* _DATA FOR PROCESSING_:
* * * *
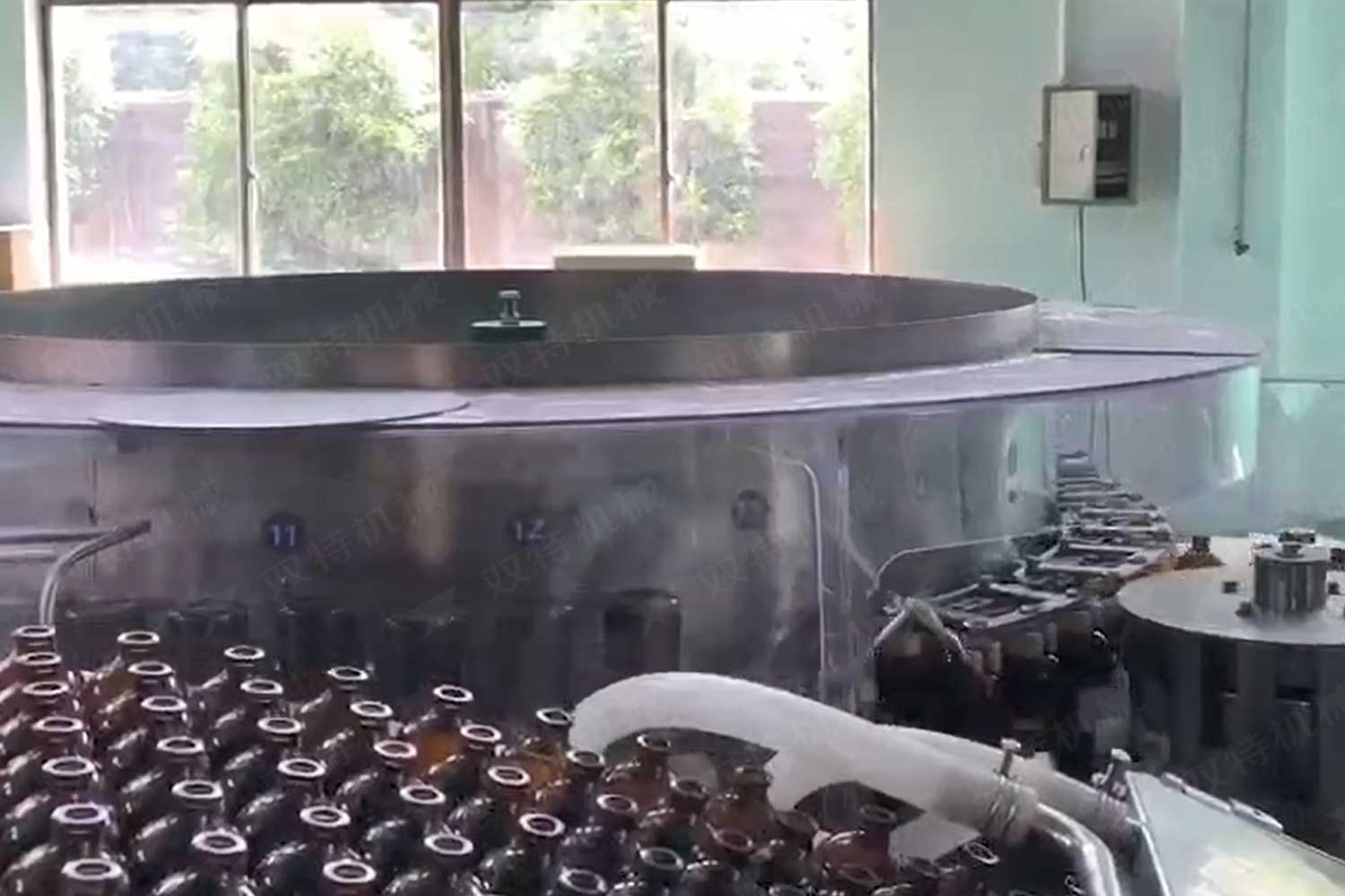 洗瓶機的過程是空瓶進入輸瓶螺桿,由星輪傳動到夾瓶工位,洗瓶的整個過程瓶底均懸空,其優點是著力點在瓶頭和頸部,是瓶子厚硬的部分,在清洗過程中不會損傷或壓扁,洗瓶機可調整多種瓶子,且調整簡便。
* * * *
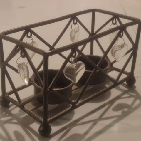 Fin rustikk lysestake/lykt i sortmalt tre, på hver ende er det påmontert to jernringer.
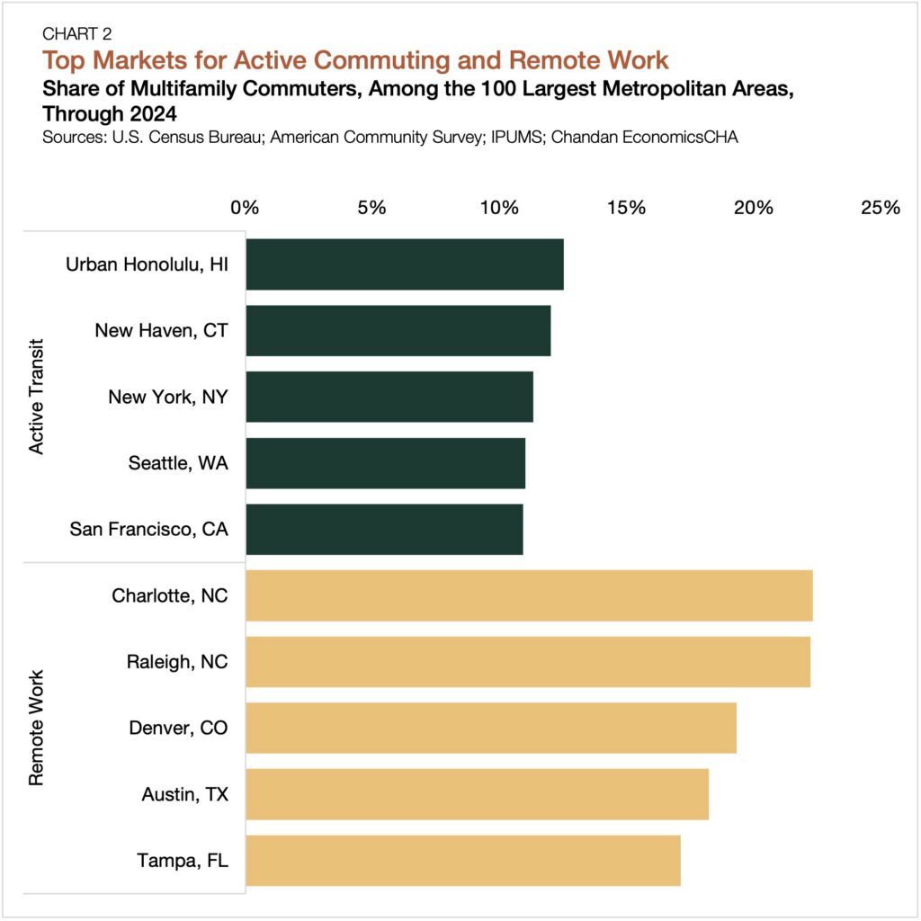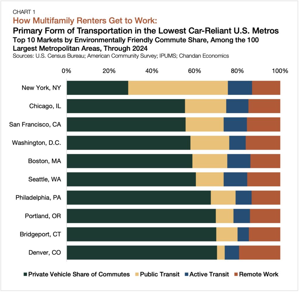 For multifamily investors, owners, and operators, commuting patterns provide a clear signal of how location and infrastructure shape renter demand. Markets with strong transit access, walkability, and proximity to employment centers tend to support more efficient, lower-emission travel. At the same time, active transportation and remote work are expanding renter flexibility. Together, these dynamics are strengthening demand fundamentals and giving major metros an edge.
* * * *
* _EXERCISE PROMPT_:
Exact copy, pictures excluded: every line above from the one containing "Fin rustikk lysestake/lykt" to the one containing "For multifamily investors, owners, and", inclusive, and nothing more.

* _SOLUTION TO THIS EXERCISE_:
 Fin rustikk lysestake/lykt i sortmalt tre, på hver ende er det påmontert to jernringer.
 For multifamily investors, owners, and operators, commuting patterns provide a clear signal of how location and infrastructure shape renter demand. Markets with strong transit access, walkability, and proximity to employment centers tend to support more efficient, lower-emission travel. At the same time, active transportation and remote work are expanding renter flexibility. Together, these dynamics are strengthening demand fundamentals and giving major metros an edge.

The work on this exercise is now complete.